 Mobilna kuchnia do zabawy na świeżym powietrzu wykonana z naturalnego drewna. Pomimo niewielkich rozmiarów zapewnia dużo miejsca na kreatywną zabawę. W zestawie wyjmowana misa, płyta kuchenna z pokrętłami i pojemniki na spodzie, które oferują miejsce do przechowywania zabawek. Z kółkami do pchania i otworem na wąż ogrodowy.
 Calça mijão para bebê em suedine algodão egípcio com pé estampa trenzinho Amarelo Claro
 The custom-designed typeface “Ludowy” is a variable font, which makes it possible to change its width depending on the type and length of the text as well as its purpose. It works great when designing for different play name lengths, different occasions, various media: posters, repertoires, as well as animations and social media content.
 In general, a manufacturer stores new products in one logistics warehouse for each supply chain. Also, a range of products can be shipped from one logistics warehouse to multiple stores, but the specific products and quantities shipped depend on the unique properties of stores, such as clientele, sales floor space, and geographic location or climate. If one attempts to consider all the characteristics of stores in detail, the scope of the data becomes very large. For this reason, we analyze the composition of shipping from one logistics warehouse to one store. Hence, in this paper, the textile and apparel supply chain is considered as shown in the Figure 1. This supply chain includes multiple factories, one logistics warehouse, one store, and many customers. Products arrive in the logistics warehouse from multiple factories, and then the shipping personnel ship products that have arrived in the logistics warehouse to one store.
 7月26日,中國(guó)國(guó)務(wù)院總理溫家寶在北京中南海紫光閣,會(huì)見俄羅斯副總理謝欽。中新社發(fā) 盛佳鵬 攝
...
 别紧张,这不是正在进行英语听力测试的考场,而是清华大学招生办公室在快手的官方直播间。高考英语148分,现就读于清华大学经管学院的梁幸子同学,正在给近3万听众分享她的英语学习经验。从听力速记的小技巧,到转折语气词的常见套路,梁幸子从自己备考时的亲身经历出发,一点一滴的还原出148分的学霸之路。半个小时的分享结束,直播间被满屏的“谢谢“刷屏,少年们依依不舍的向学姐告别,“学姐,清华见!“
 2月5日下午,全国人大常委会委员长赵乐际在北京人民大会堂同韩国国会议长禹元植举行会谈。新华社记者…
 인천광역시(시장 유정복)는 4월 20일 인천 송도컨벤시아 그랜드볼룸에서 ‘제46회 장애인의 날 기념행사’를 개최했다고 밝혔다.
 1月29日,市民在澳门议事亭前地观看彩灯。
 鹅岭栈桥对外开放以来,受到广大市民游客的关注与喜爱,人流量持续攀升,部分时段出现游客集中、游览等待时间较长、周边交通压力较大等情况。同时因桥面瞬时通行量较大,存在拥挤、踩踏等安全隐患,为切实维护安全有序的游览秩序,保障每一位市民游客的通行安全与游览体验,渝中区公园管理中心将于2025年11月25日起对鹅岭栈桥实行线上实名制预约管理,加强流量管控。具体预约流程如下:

What is expected:
From the material above, copy exactly the lines between the line holding "Mobilna kuchnia do" and the line holding "Calça mijão para", inclusive, and only those.

Result for this exercise:
 Mobilna kuchnia do zabawy na świeżym powietrzu wykonana z naturalnego drewna. Pomimo niewielkich rozmiarów zapewnia dużo miejsca na kreatywną zabawę. W zestawie wyjmowana misa, płyta kuchenna z pokrętłami i pojemniki na spodzie, które oferują miejsce do przechowywania zabawek. Z kółkami do pchania i otworem na wąż ogrodowy.
 Calça mijão para bebê em suedine algodão egípcio com pé estampa trenzinho Amarelo Claro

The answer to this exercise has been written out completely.